Exercise data

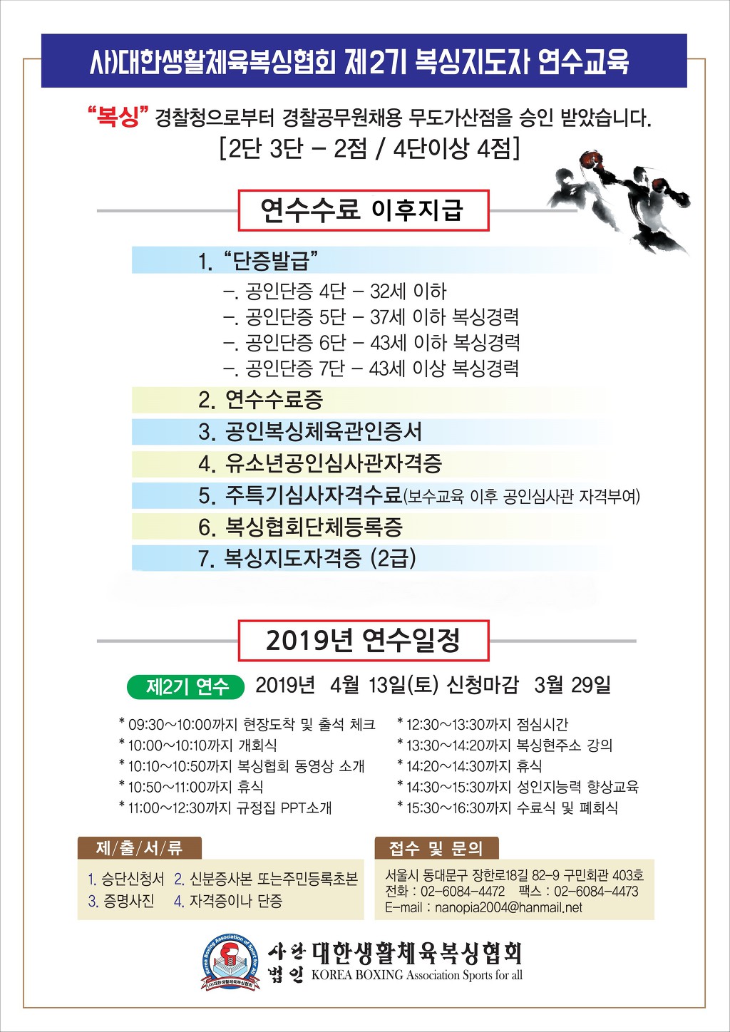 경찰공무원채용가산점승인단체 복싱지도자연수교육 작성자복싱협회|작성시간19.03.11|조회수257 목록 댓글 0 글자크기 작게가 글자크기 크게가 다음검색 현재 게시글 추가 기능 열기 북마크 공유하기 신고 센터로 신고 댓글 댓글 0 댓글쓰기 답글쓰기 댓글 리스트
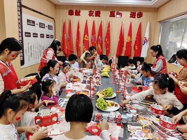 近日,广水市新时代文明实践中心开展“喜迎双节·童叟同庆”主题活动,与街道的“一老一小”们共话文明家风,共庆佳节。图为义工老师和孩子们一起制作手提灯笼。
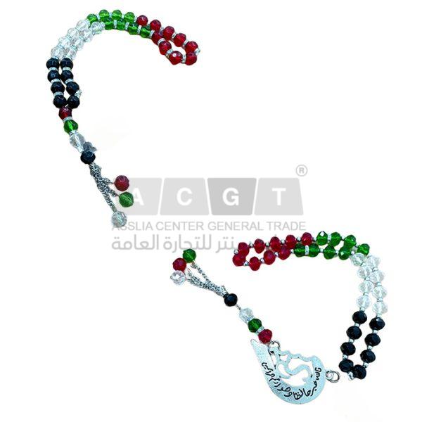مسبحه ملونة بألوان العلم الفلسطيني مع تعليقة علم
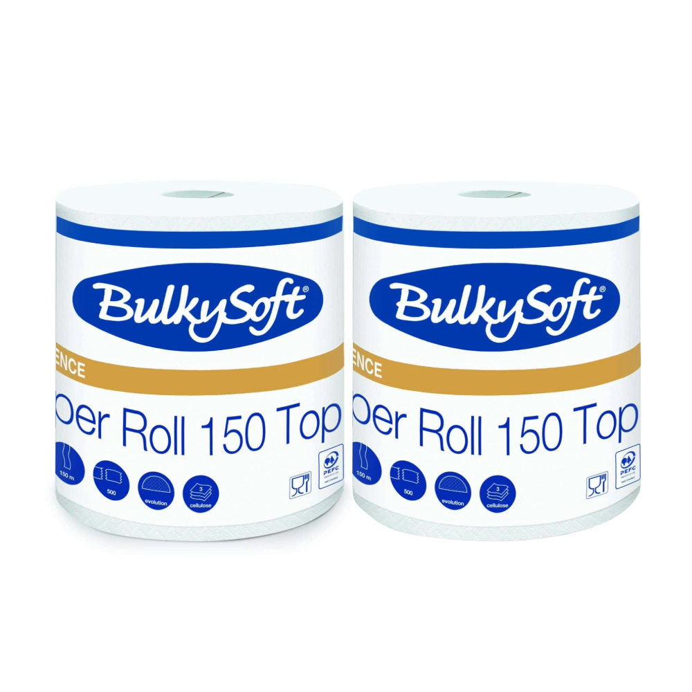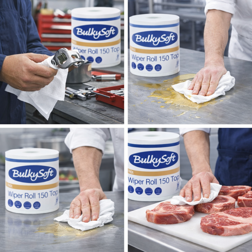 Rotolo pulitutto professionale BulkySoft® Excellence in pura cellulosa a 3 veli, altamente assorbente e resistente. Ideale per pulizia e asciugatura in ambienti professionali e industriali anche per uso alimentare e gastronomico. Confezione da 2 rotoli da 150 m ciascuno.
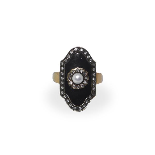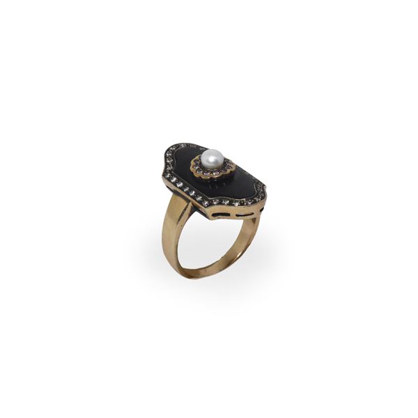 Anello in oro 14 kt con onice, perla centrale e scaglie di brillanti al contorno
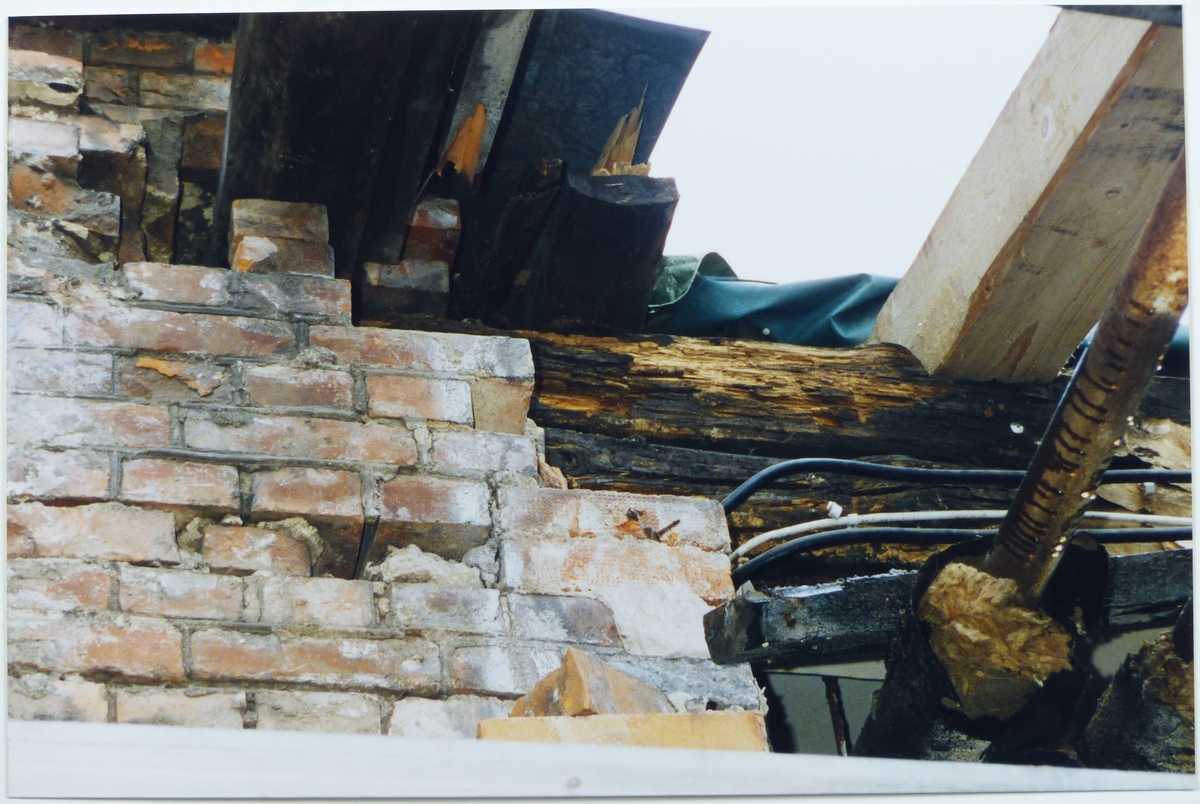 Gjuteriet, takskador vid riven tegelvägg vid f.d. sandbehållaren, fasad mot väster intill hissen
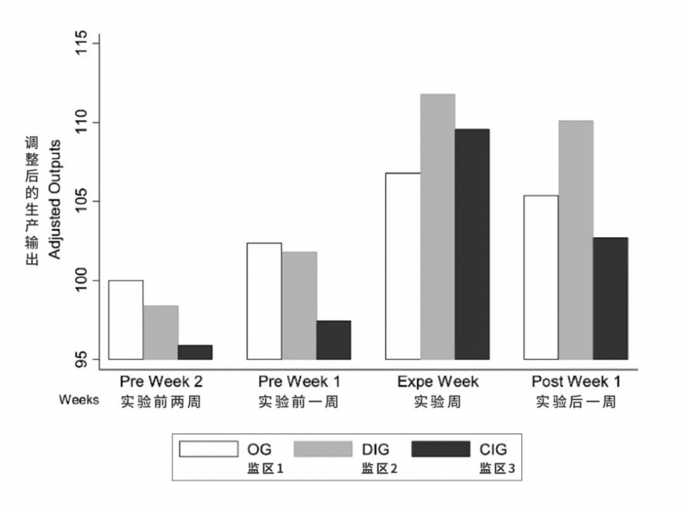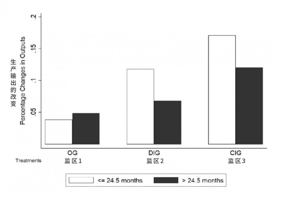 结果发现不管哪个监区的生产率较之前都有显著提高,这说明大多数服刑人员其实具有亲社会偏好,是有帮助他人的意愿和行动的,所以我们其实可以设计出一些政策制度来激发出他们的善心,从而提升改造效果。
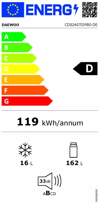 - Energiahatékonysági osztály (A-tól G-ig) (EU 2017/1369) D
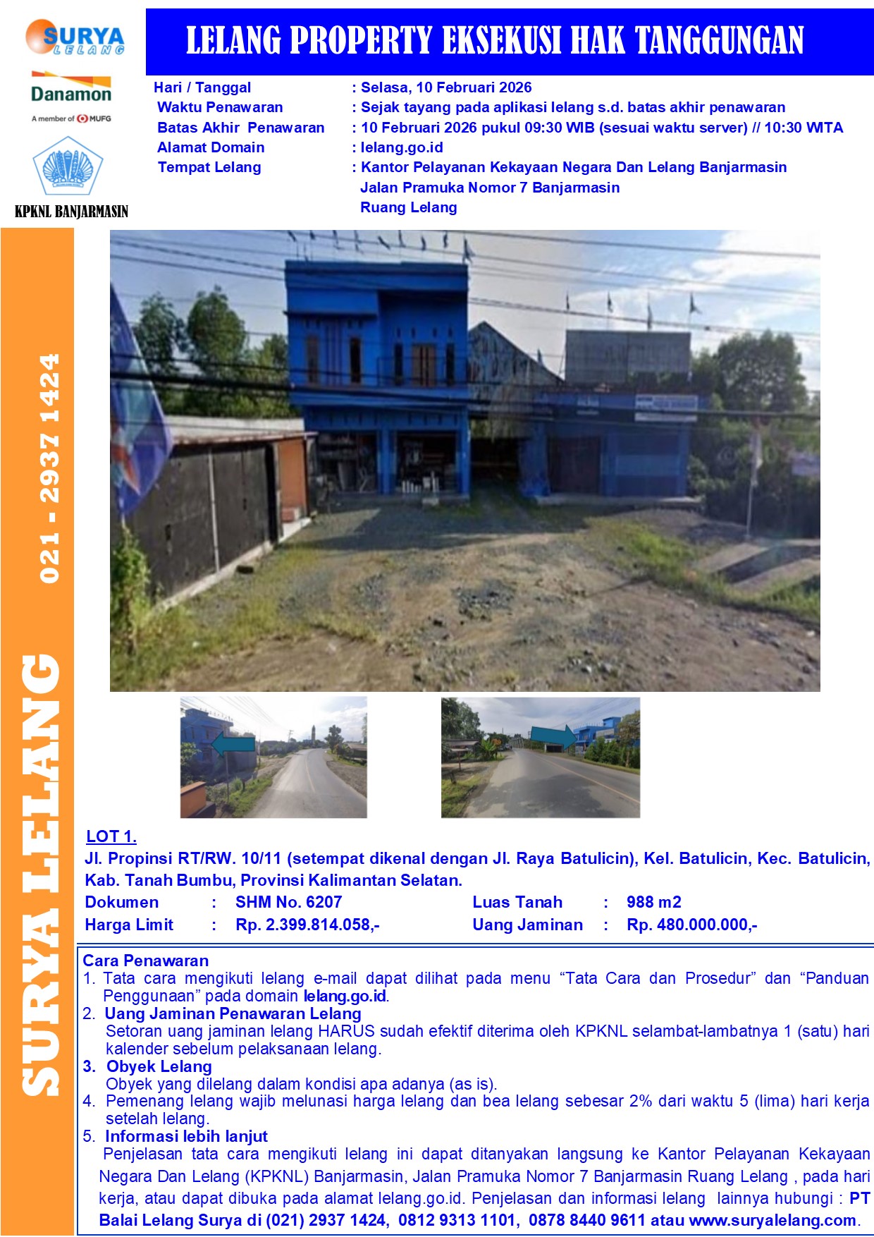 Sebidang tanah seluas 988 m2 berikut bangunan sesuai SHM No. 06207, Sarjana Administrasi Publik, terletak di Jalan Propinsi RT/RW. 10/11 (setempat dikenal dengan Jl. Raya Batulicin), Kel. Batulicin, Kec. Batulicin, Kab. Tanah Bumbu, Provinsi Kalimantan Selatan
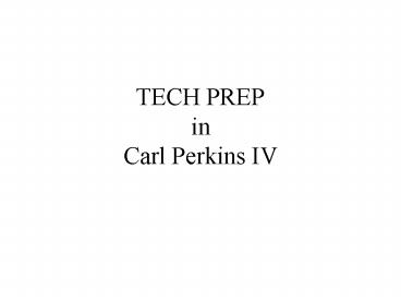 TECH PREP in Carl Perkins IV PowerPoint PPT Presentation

The problem
The line holding "结果发现不管哪个监区的生产率" starts the copy and the line holding "- Energiahatékonysági osztály" ends it. Repeat those two lines above and all between them exactly, leaving out pictures.

Written response
 结果发现不管哪个监区的生产率较之前都有显著提高,这说明大多数服刑人员其实具有亲社会偏好,是有帮助他人的意愿和行动的,所以我们其实可以设计出一些政策制度来激发出他们的善心,从而提升改造效果。
 - Energiahatékonysági osztály (A-tól G-ig) (EU 2017/1369) D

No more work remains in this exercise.